Among the lines of the listing below, retype exactly those from the one containing "その後、カブトムシの切り絵を作ってみせてくれた。" through the one containing "Turn heads with", both included. Do not include pictures.

> **Data extracts**
------

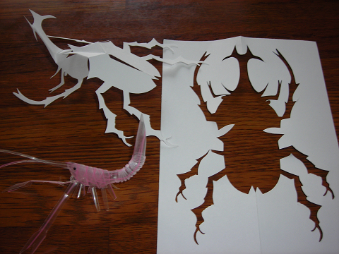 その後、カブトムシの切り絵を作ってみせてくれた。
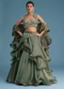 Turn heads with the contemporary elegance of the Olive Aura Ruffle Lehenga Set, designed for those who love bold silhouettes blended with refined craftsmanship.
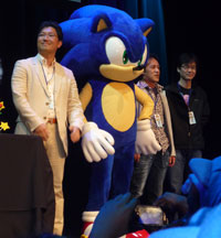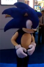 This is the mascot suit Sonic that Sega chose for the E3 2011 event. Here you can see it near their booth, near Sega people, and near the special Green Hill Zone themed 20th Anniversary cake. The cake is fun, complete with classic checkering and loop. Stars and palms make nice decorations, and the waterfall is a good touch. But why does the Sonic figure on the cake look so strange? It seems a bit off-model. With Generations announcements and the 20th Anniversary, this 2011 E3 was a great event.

------

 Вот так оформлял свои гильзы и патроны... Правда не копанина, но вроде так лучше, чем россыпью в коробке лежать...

------

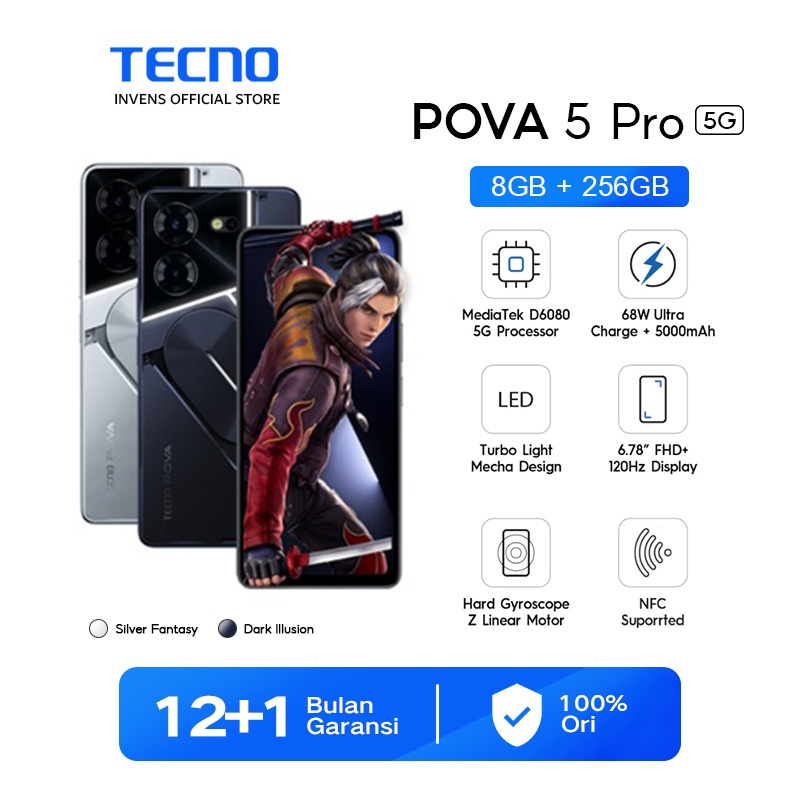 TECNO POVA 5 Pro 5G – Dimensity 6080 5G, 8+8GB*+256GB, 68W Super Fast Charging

------

> **Reply to the task**
 その後、カブトムシの切り絵を作ってみせてくれた。
 Turn heads with the contemporary elegance of the Olive Aura Ruffle Lehenga Set, designed for those who love bold silhouettes blended with refined craftsmanship.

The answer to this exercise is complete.